--- Data block ---
::::::
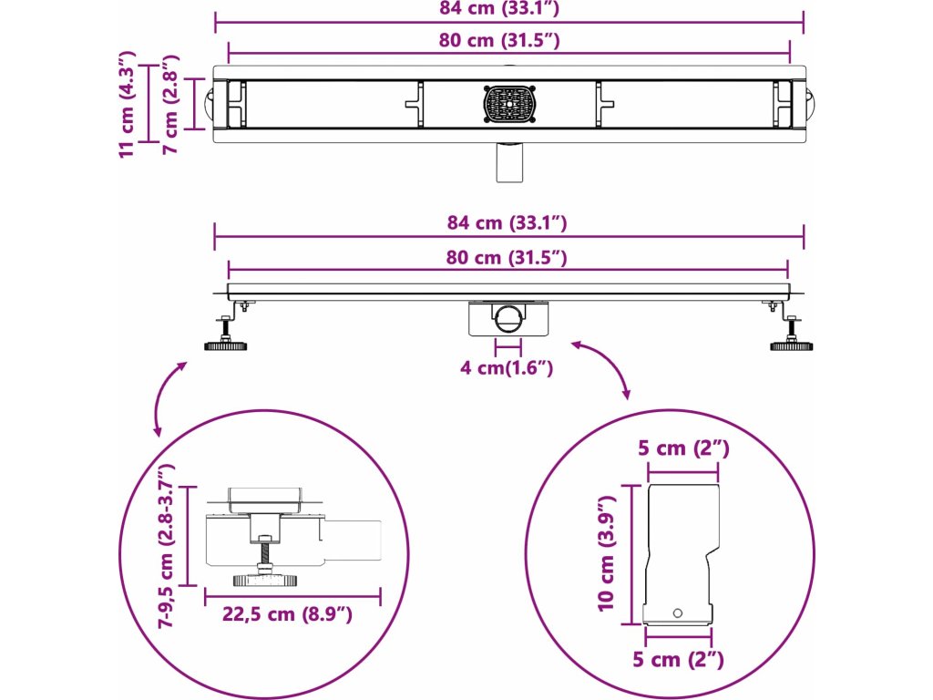 Tento moderní sprchový odtok je must-have pro každého, kdo chce přidat trochu stylu a funkčnosti do své koupelny. Je robustní díky nerezové oceli a jeho minimalistický design skvěle zapadá do různých koupelen, zvyšuje celkový dojem a skvěle odvádí vodu. Tento sprchový odtok se postará o to, že vaše koupelna bude nejen hezká, ale taky skvěle fungující.
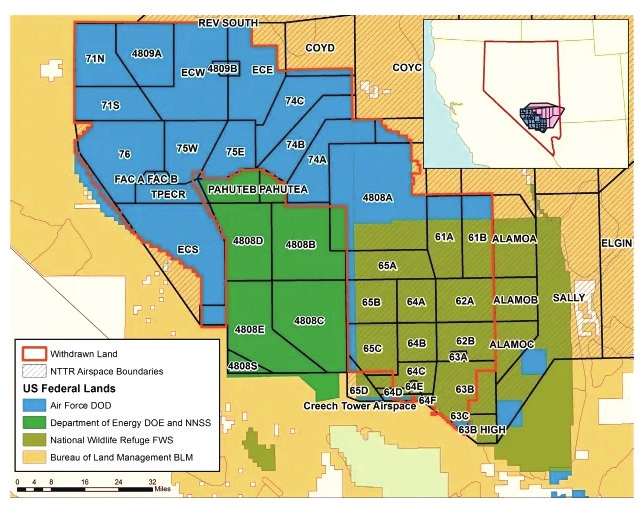 右上角小图红框为内华达州界,下方颜色区域为内华达试验和训练靶场(NTTR),该训练场是红旗军演的主要场地,涵盖了内华达州南部的大部分地区。
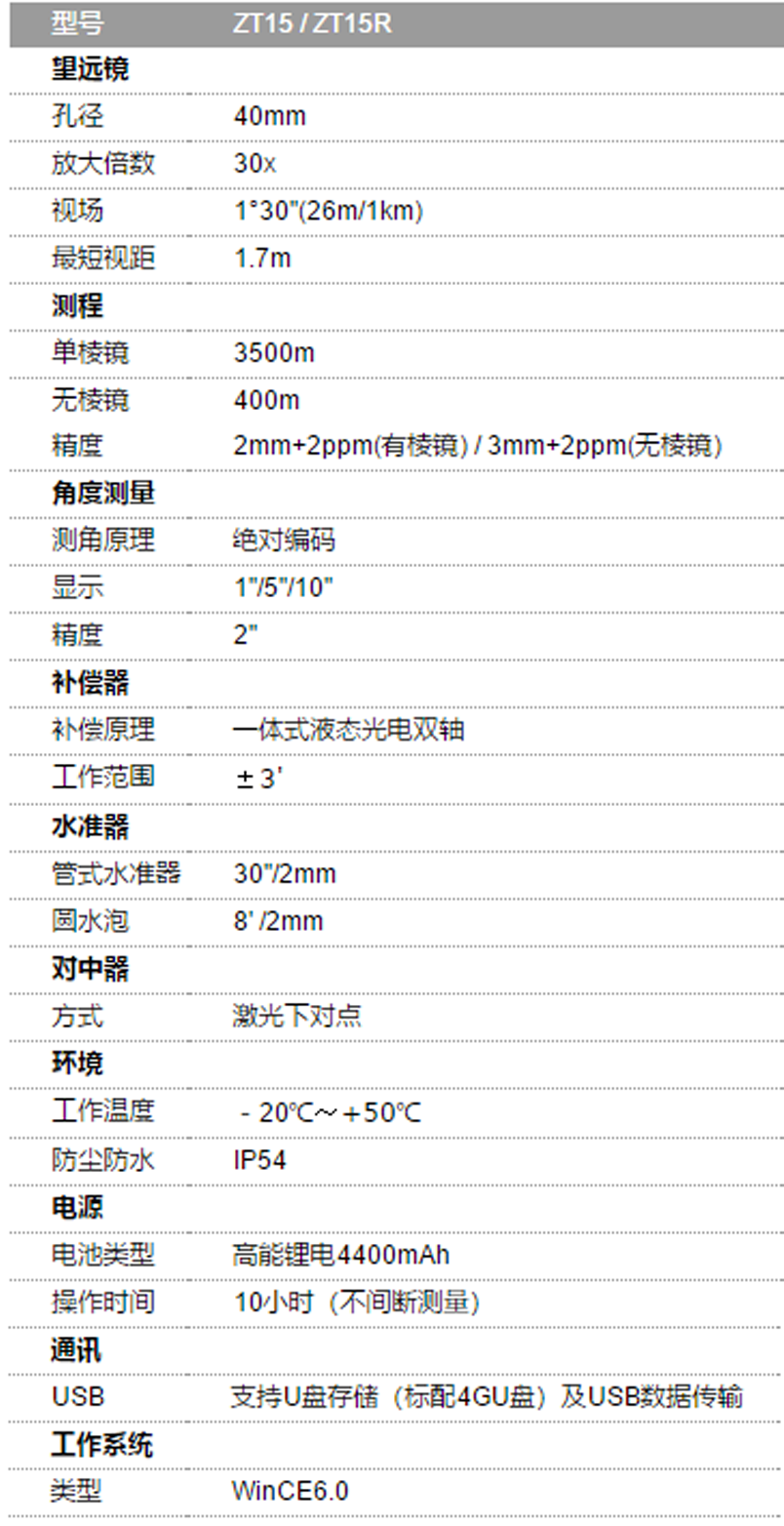 ZT15系列全站儀,是中緯全新推出的智能型全站儀,是中緯針對全球市場設計的更貼近大眾測量的全站儀。ZT15系列全站儀擁有中緯全站儀一貫的高品質、高精度技術特色,采用全新的機身架構,全新的瑞士EDM和軟件系統,價格更低,更適合廣大工程用戶。
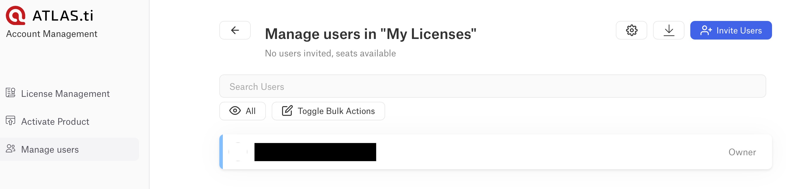 - The Manage Users section is only visible if you are the administrator of a multi-user or campus license. Users who were invited to a license will not see this option.
::::::
A verbatim transcript of the material above, with images dropped, is the expected output.

--- Exercise response ---
 Tento moderní sprchový odtok je must-have pro každého, kdo chce přidat trochu stylu a funkčnosti do své koupelny. Je robustní díky nerezové oceli a jeho minimalistický design skvěle zapadá do různých koupelen, zvyšuje celkový dojem a skvěle odvádí vodu. Tento sprchový odtok se postará o to, že vaše koupelna bude nejen hezká, ale taky skvěle fungující.
 右上角小图红框为内华达州界,下方颜色区域为内华达试验和训练靶场(NTTR),该训练场是红旗军演的主要场地,涵盖了内华达州南部的大部分地区。
 ZT15系列全站儀,是中緯全新推出的智能型全站儀,是中緯針對全球市場設計的更貼近大眾測量的全站儀。ZT15系列全站儀擁有中緯全站儀一貫的高品質、高精度技術特色,采用全新的機身架構,全新的瑞士EDM和軟件系統,價格更低,更適合廣大工程用戶。
 - The Manage Users section is only visible if you are the administrator of a multi-user or campus license. Users who were invited to a license will not see this option.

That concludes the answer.